■ **Data excerpts**
[Start of section]

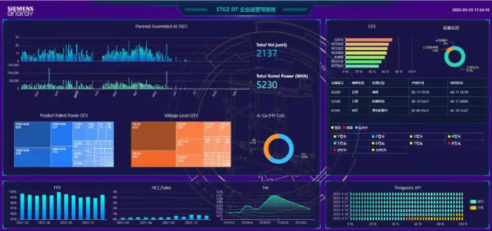 截至目前,广州西门子能源已完全部署了ThingWorx工业物联网的解决方案。通过ThingWorx的数据,使仪表盘视图的形式在大型数字屏幕上显示任何特定生产线的当前设置、性能、资产状态以及关键绩效指标。操作员只需查看屏幕即可清晰了解生产线的运行情况,评估有关因素,然后比较得出的数据与既定目标。
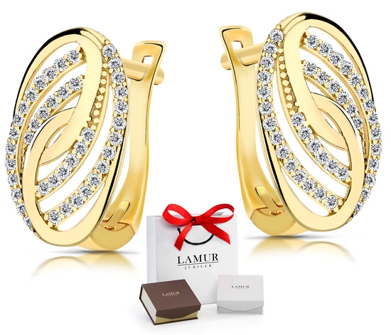 Te wyjątkowe kolczyki urzekają połączeniem szlachetnego złota próby 585 i perfekcyjnie osadzonych cyrkonii, które tworzą misterną, ażurową kompozycję. Delikatne linie przeplatają się niczym subtelny ornament, podkreślając wyrafinowany charakter biżuterii. To model, który przyciąga spojrzenia i dodaje każdej stylizacji niezwykłego blasku.
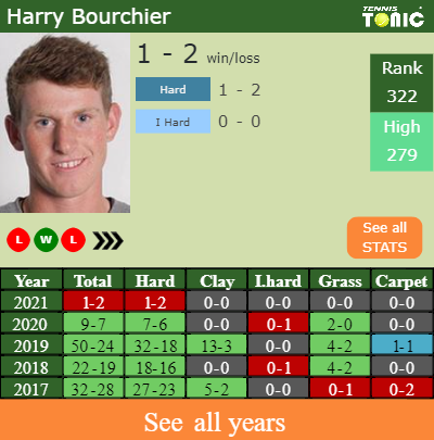 There is no head to head record between Harry Bourchier and Zizou Bergs since this will be the first time that they will square off in the main tour.
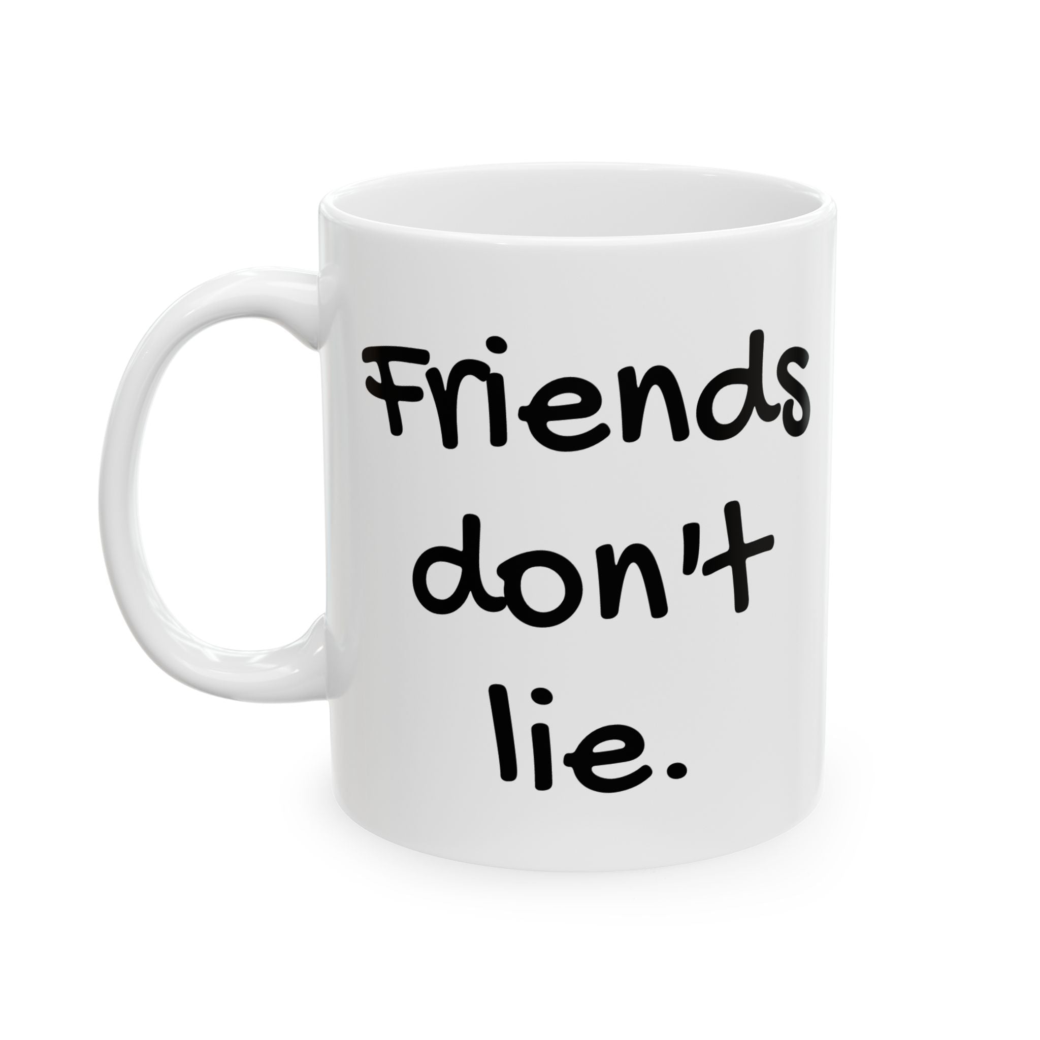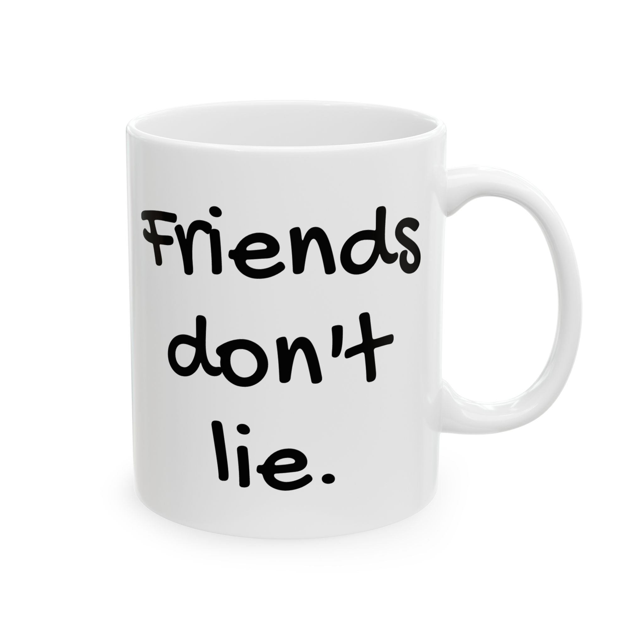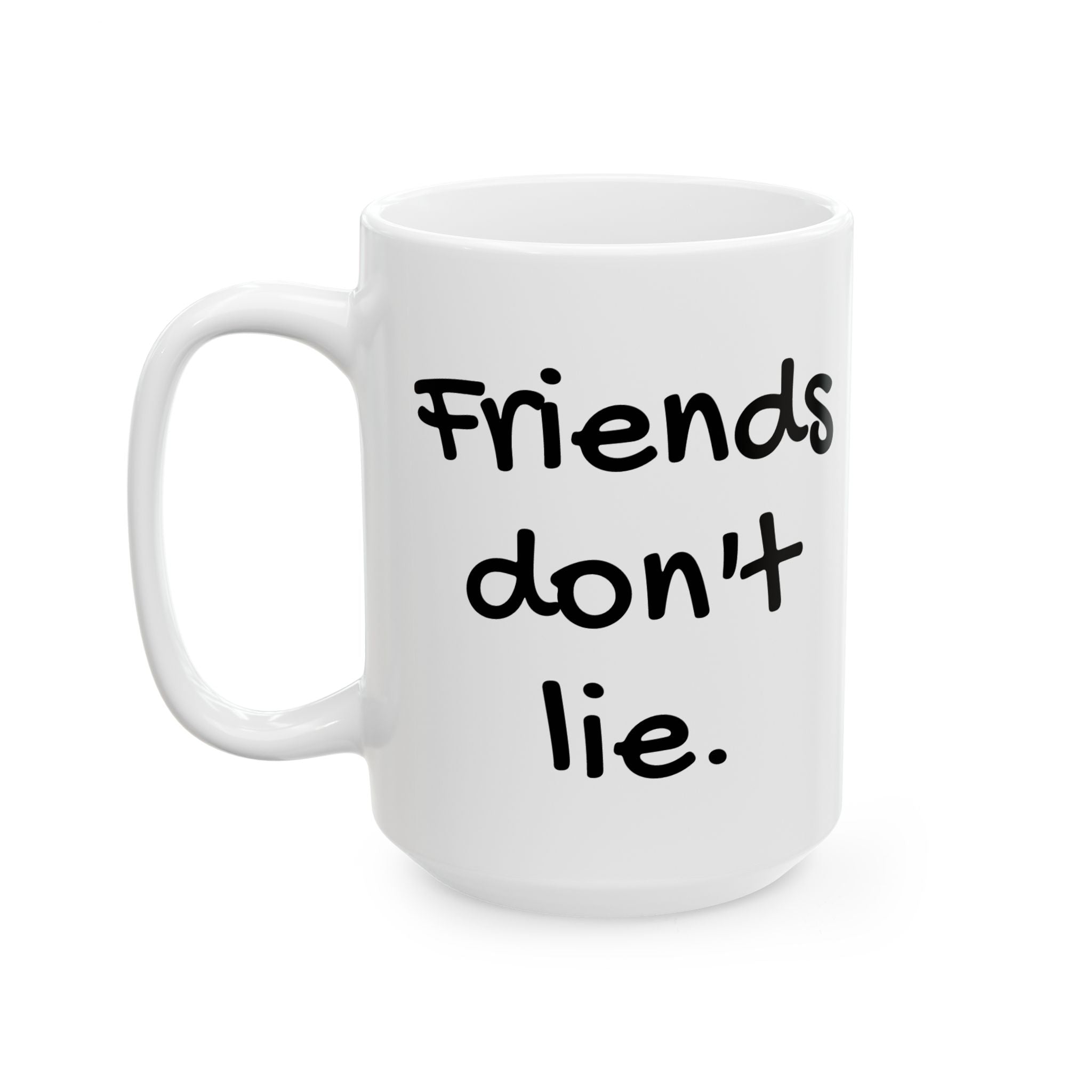Retro 1980s themed 15oz ceramic mug featuring the quote 'Friends don't lie' from Stranger Things. Perfect for fans of the show or anyone who enjoys movie humor and nostalgia. Great gift for birthdays, holidays, or any special occasion.
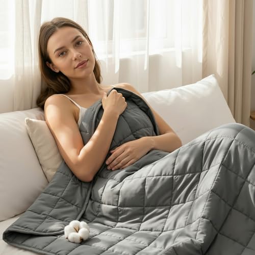 Weighted Blanket 15-pounds 48 x 72 - Adults Cooling Heavy Twin Size Blankets for All-Seasons Sleeping, Soft & Breathable with Premium Glass Beads, Machine Washable
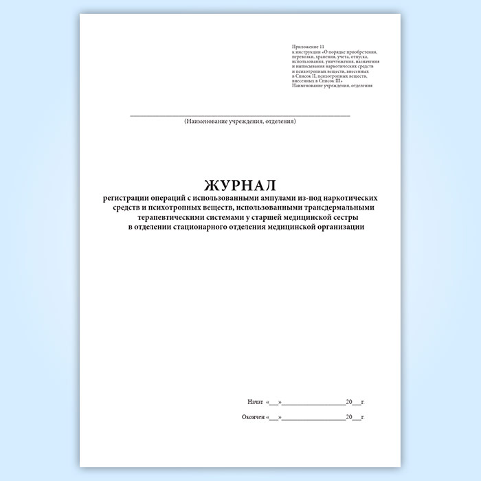 Журнал регистрации операций с использованными ампулами из-под наркотических средств и психотропных веществ, использованными трансдермальными терапевтическими системами у старшей медицинской сестры в отделении стационарного отделения медицинской организации в Ачинске купить
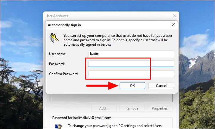 - A new dialog will appear. Enter your account's user name (or email address if it's a Microsoft account) in the User Name field.
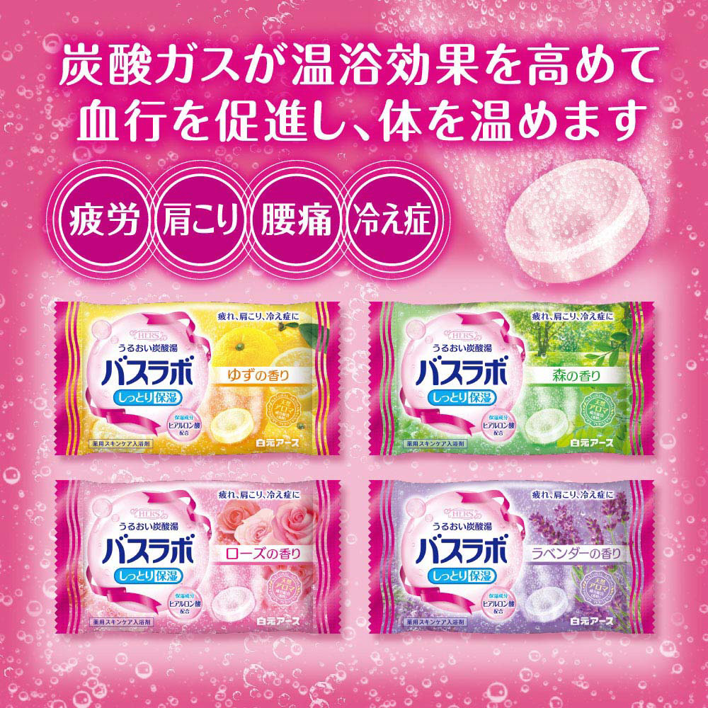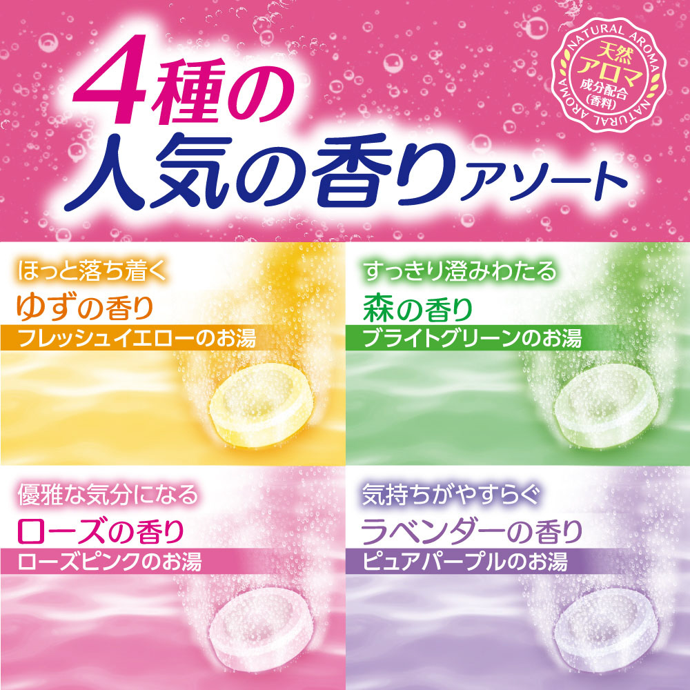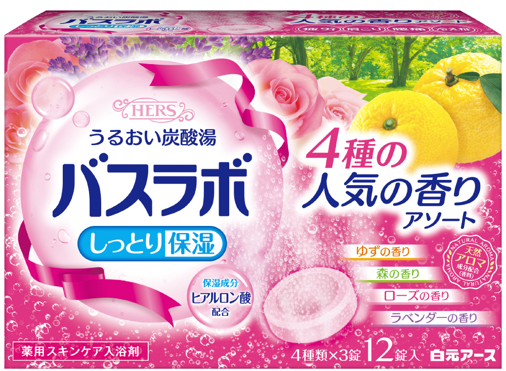 スキンケアタイプの炭酸ガスの薬用入浴剤。なめらかな泡が湯面にただよい、すべすべな肌ざわりに。ヒアルロン酸(保湿成分)配合。4種の人気の香りが楽しめます。『医薬部外品』
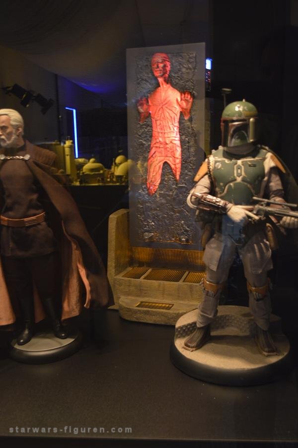Today we had the opportunity to visit "Filmfiguren Ausstellung in Moenchengladbach". We had met the friendly folks around Thomas Manglitz at Celebration Europe II in Essen, and we decided to do a report about their awesome Exhibition. So we grabbed the camera and off we went. For those who don't know, yes Thomas and Crew were the ones selling the 6inch Boba Exclusive at Celebration Europe II. Finding the location was pretty easy as well as finding a parking spot for our piece of junk. Upon arrival we were greeted by Thomas and we decided to snoop around a little for ourselves and take a picture or two. The Exhibition focuses mainly on Star Wars Characters, but more and different characters will join in in the near future. As the exhibition is continously changing, so what you see here is just a small glimpse of what to expect. You have to see it for yourself!!!
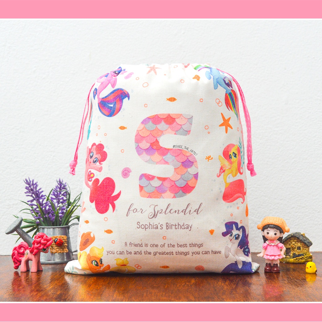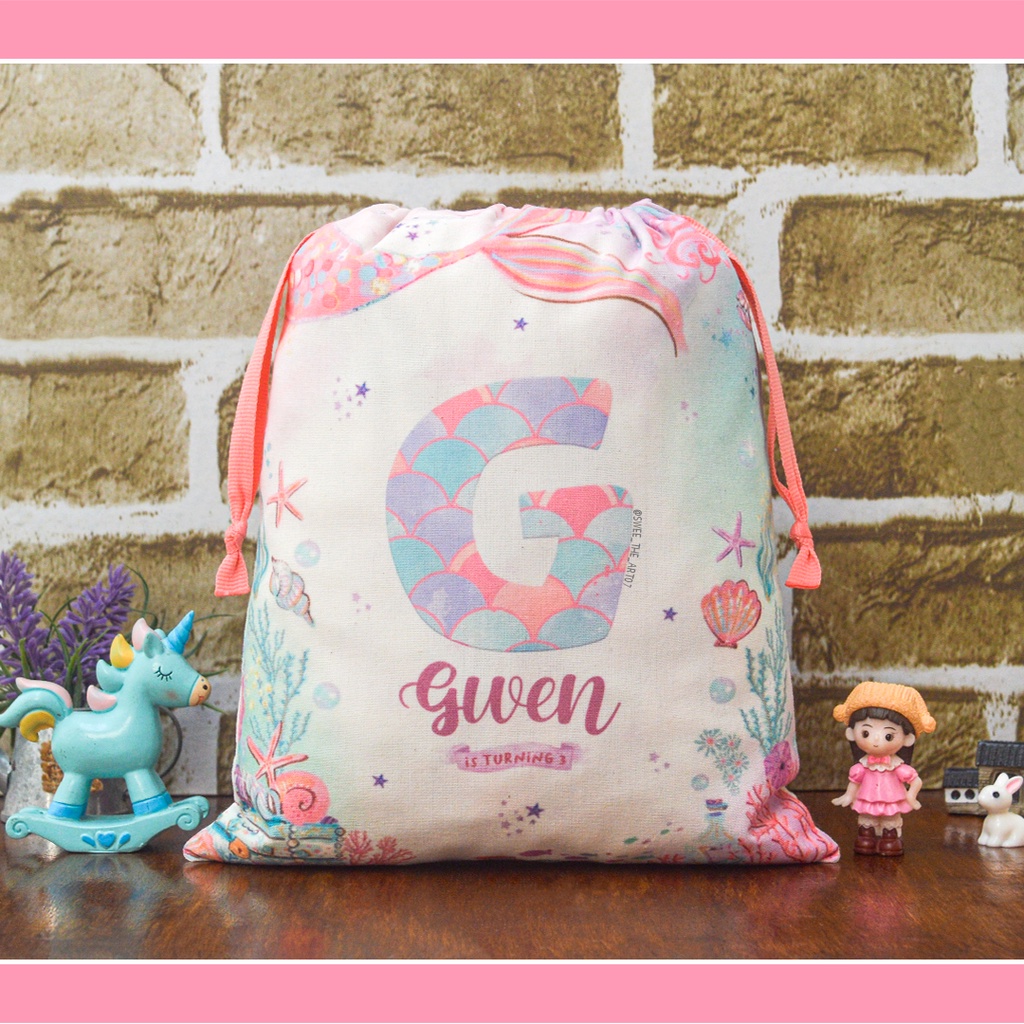 Goodie Bag Pouch Serut Belacu Tas Ulang Tahun custom ukuran 20x25
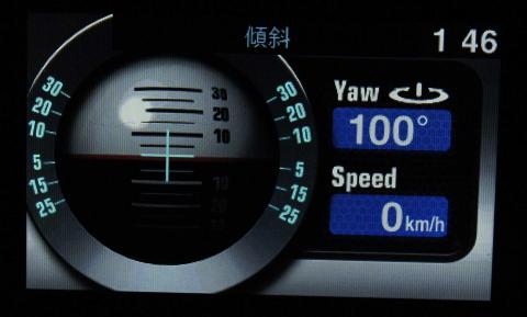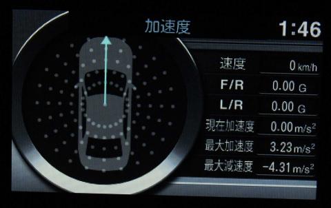 Gメーターとヨーレートの表示は、見ていてちょっと楽しいというだけではなく、Gやヨーはドライバー自身はドライブしている中であまり大きく感じるわけではないものの、同乗者がいる場合に、同乗者はドライバーとは違い、ステアリングや加減速を予測するのが難しく、ドライバーよりもGやヨーを大きく感じるため、同乗者に快適なドライブを提供すべく、これらを小さく抑える自主ドライビングレッスンに使えるのではないだろうか?

[End of section]

■ **TASK STATEMENT**
The lines to return run from the line containing "Goodie Bag Pouch" through the last line of the records. Give them exactly, omitting pictures.

■ **ANSWER BOX**
 Goodie Bag Pouch Serut Belacu Tas Ulang Tahun custom ukuran 20x25
 Gメーターとヨーレートの表示は、見ていてちょっと楽しいというだけではなく、Gやヨーはドライバー自身はドライブしている中であまり大きく感じるわけではないものの、同乗者がいる場合に、同乗者はドライバーとは違い、ステアリングや加減速を予測するのが難しく、ドライバーよりもGやヨーを大きく感じるため、同乗者に快適なドライブを提供すべく、これらを小さく抑える自主ドライビングレッスンに使えるのではないだろうか?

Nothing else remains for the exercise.